Abstract
Melanocytic matricoma is a rare dermal tumor that typically presents on the sun-damaged skin of older patients. While there is controversy in the literature regarding the proper characterization of this tumor, there are certain histological and immunohistochemical features that have been described. This report presents a case of melanocytic matricoma with several unusual features that were initially feared to be malignant melanoma. Careful histologic and immunohistochemical analysis was required to rule out malignant melanoma and make the correct diagnosis. Given the rarity of melanocytic matricoma and the potential for it to mimic malignant melanoma, it is important for pathologists to keep melanocytic matricoma on the differential and be aware of the clinical, histological, and immunohistochemical features of this tumor.

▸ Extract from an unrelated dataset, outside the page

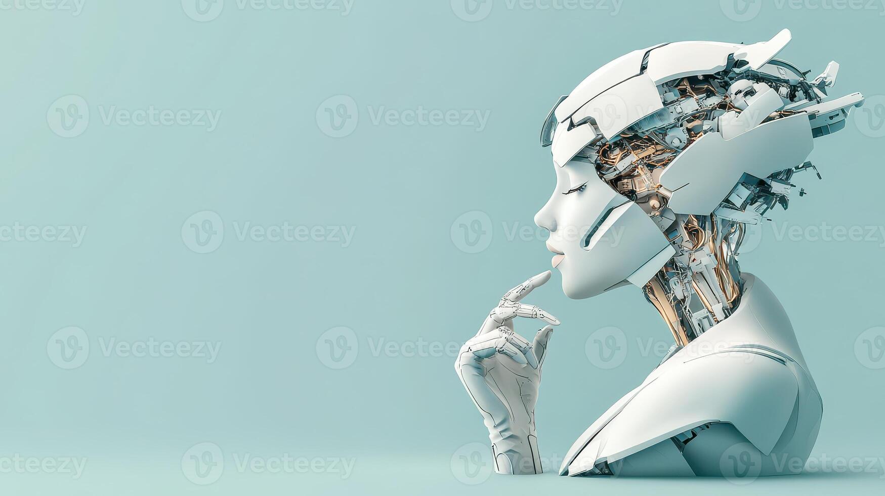 Artificial Intelligence Robot Profile Thinking with Finger Near Lips on Light Blue Background. Brain Electronic System inside Humanoid Head using Neural Networks Pro Photo

Keywords: melanoma, dermal tumor, immunohistochemistry staining, histology, melanocytic matricoma
Introduction
Melanocytic matricoma is an extremely rare, biphasic tumor that presents most commonly as a pigmented papule on the sun-damaged skin of older patients [1]. It was first described by Carlson et al. in 1999 as a biphasic tumor harboring both melanocytic and epithelial components [2]. Histology typically shows a nodule within the dermis that contains beta-catenin-positive/LEF1-positive basaloid (blue) matrical cells, shadow (ghost) cells, and dendritic melanocytes that are deeply pigmented [1,3]. Melanocytic matricomas have histopathological and molecular features closely related to pilomatricomas; in fact, there have been attempts to redefine melanocytic matricoma as a special variant of pilomatricoma [1,4]. This report presents a case of melanocytic matricoma and discusses its potential to mimic malignant melanoma.
Case presentation
The patient was a 64-year-old male with Fitzpatrick skin type III and a dermatologic past medical history most significant for nodular basal cell carcinoma on the left zygoma that was treated with complete excision and an actinic keratosis that was treated with 5% fluorouracil. The patient reported medium lifetime sun exposure and stated that he burns easily; however, the patient denied a history of blistering sunburns. The patient denied a history of artificial tanning bed use and stated that he practiced sun safety, including wearing sunscreen, hats, and sunglasses while outdoors. On routine skin examination, there was a newly noted lesion on the left forehead that had been present for the last few weeks. Dermatoscope examination revealed a pigmented blue/black lesion measuring approximately 1 mm. Initial differential diagnoses included pigmented basal cell carcinoma, early evolving melanoma, and benign blue nevus. Four weeks after identification, the lesion was excised using a 2 mm punch blade. The patient was discharged in good condition and with instructions for follow-up care.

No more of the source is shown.